Figure 3: Association mapping in hybrid zones and phylogenetic comparisons identify the modular genetic architecture of black forewing variation.

From: Complex modular architecture around a simple toolkit of wing pattern genes

Figure 3: Association mapping in hybrid zones and phylogenetic comparisons identify the modular genetic architecture of black forewing variation.
Figure 3

a, Variation in black forewing patterning in the H. erato races. Black shading in the forewings highlights variation in melanin production in different parts of the forewing. Colour shading corresponds to shading in b and c. b, FST (lines; 20 kb window, 5 kb step size) and association (points) analysis at the peaks of divergence in chromosomes 10 and 13. Coloured points represent associations estimated from fixed SNPs. c, Phylogenetic weighting of phenotypic hypothesis consistent with the Sd, St, Ly and Ro elements.
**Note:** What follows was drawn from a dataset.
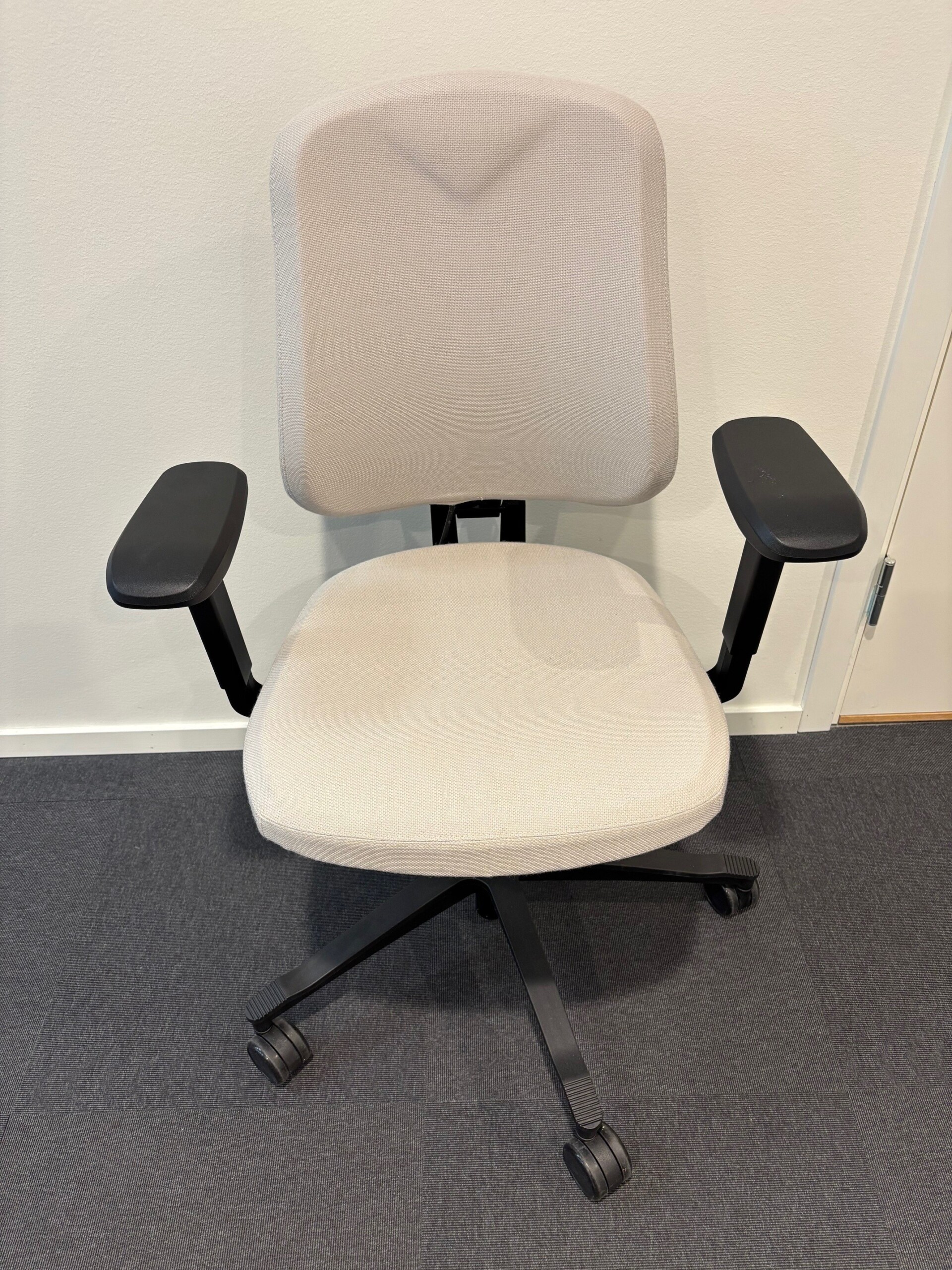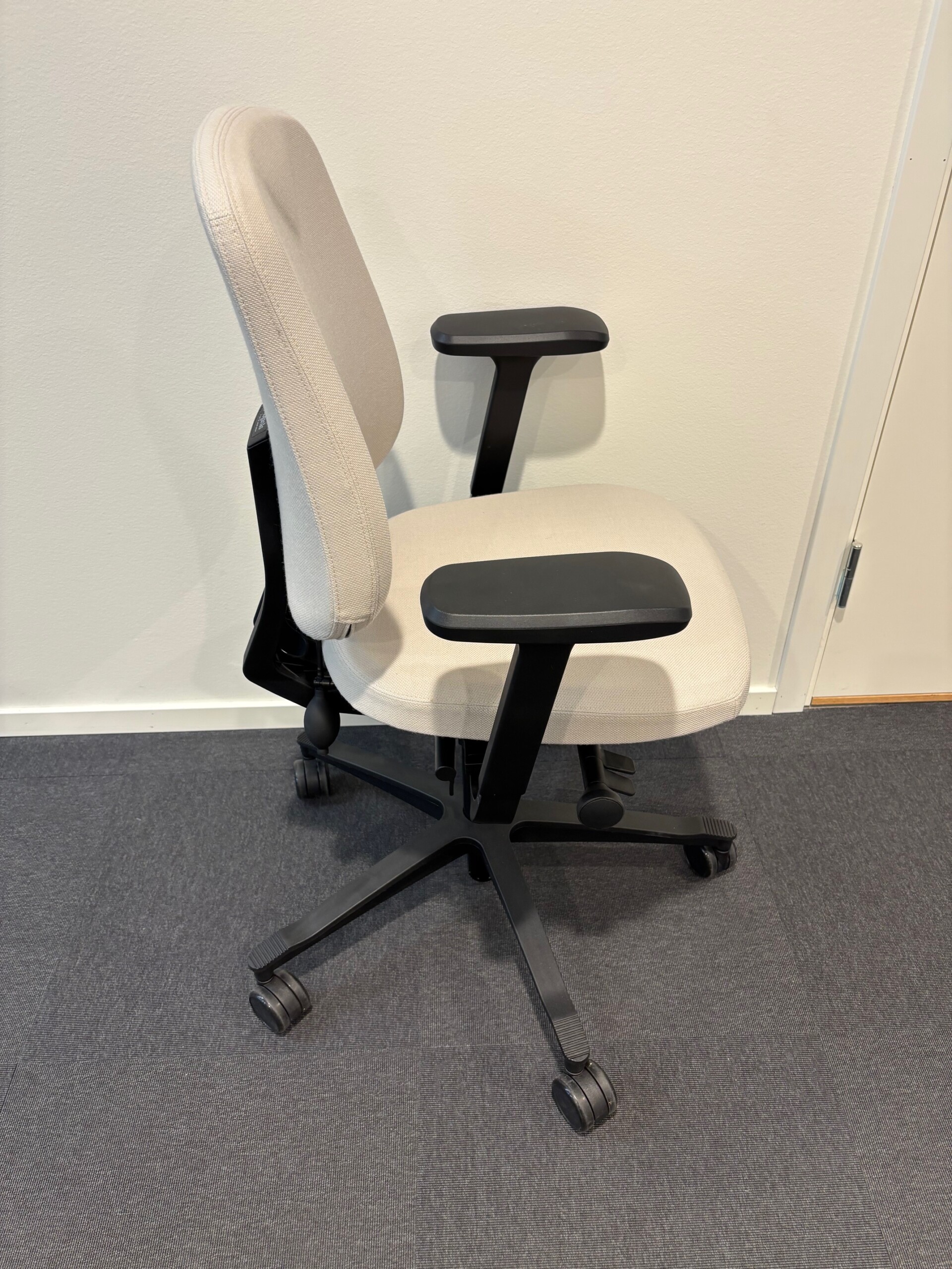 Sits och rygg i tyg. Kryssfot i plast (svart). Höj- och sänkbar.

These weightings were obtained by summing weightings for topologies that were consistent with the hypothesized groupings presented in the phylogenies. Tree topologies consistent with a geographic grouping are represented negative in grey. Within the genomic regions with high phylogenetic weighting support for a particular phenotypic hypothesis, we defined the boundaries of the colour pattern intervals as position 4,634,972–4,641,535 for Sd, 4,657,452–4,658,207 for St, 4,666,909–4,670,474 for Ly1 and 4,700,932-4,708,441 for Ly2 on chromosome 10 and position 14,341,251–14,412,364 for Ro on chromosome 13. It is possible to further subdivide the Sd interval into two narrow intervals based on the phylogenetic weighting support and patterns of shared genotypes (position 4,637,657–4,637,727 for Sd1 and 4,639,853–4,641,535 for Sd2). See Supplementary Sections 4.1.2 and 4.2.2 for the full phylogenetic trees of the identified intervals including all H. erato samples and closely related outgroup species.